La signification des élections municipales et cantonales de mars 2008 est bien moins claire qu’il ne semble. Si on s’en tient aux chiffres, la droite connaît un revers cinglant et donc la gauche remporte une victoire. Un exemple suffit pour comprendre : en Haute-Normandie, la région est à gauche (depuis 1998), les deux départements (Eure et Seine-Maritime) sont à gauche. À l’exception du Havre (76) et de Bernay (27) toutes les villes un peu importantes sont à gauche. Les députés de droite sont battus à Rouen, à Évreux (deux d’un coup !), à Vernon... Mais l’analyse politique révèle une situation beaucoup plus contrastée et comme la roche tarpéienne est proche du Capitole, la victoire de mars pourrait bien être le prélude d’une nouvelle et profonde crise de la gauche.

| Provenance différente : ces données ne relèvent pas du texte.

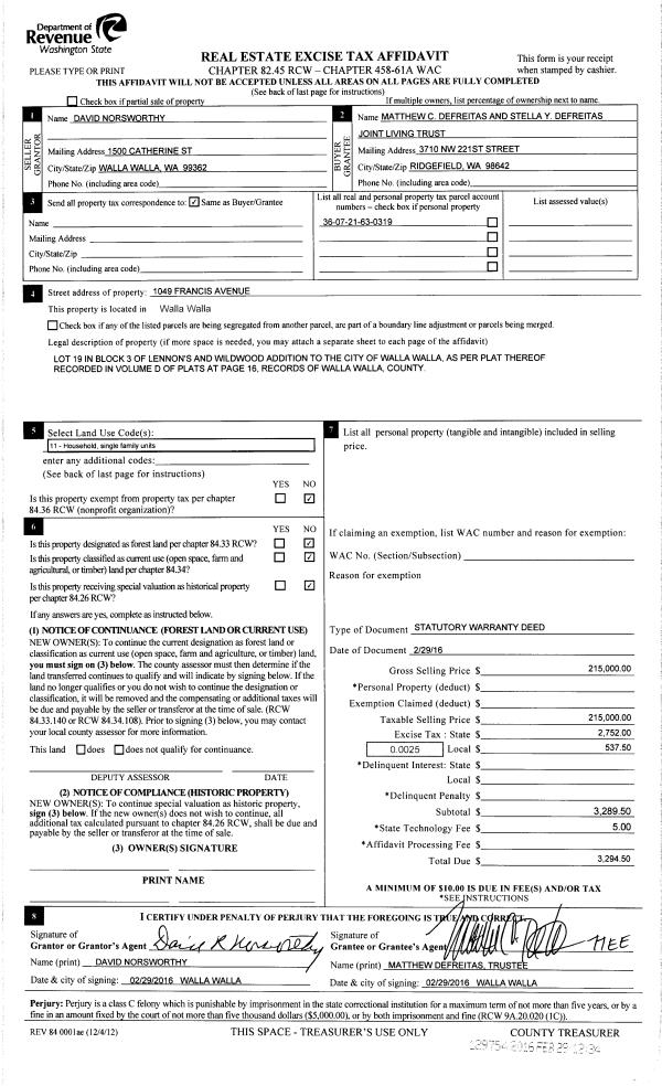 | 4 | 02/29/2016 | SWD | STATUTORY WARRANTY DEED | NORSWORTHY DAVID R | MATTHEW C DEFREITAS & STELLA Y DEFREITAS JOINT LIVING TRUST | | | $215,000.00 | 129754 | 2016-01505 |

En premier lieu, nous devons remarquer que cette victoire de la gauche intervient dans un contexte de démobilisation électorale. Le taux d’abstention établit de nouveaux records pour une élection de ce type et singulièrement dans les quartiers populaires. Une partie de l’électorat que Sarkozy avait réussi à conquérir en 2007 a déserté. L’électorat ouvrier et employé (Sarkozy avait devancé Royal dans cette catégorie de la population) a cessé de croire aux tours de magie de l’illusionniste et la baisse patente du pouvoir d’achat a pesé lourd dans la balance. D’autre part, « l’électorat des cathédrale » a pu aussi déserter ce parvenu aux mauvaises manières et menant une vie de patachon. Inutile de se cacher derrière son petit doigt : une partie des succès socialistes s’est construite là-dessus.

En second lieu, le rôle du PS comme parti des classes moyennes aisées est confirmé par cette élection. Les succès de Lyon, de Lille [1] et de Paris le démontrent à l’envi. Inversement, Marseille qui est une ville plus ouvrière et un des hauts lieux des manifestations des quinze dernières années est restée à droite. L’exemple de Bordeaux ne contredit pas cette analyse. Juppé s’est sauvé en prenant ses distances vis-à-vis de Sarkozy et la même ville qui vote majoritairement pour Royal réélit Juppé au premier tour avec 55% des suffrages. Coïncidence finalement riche d’enseignements.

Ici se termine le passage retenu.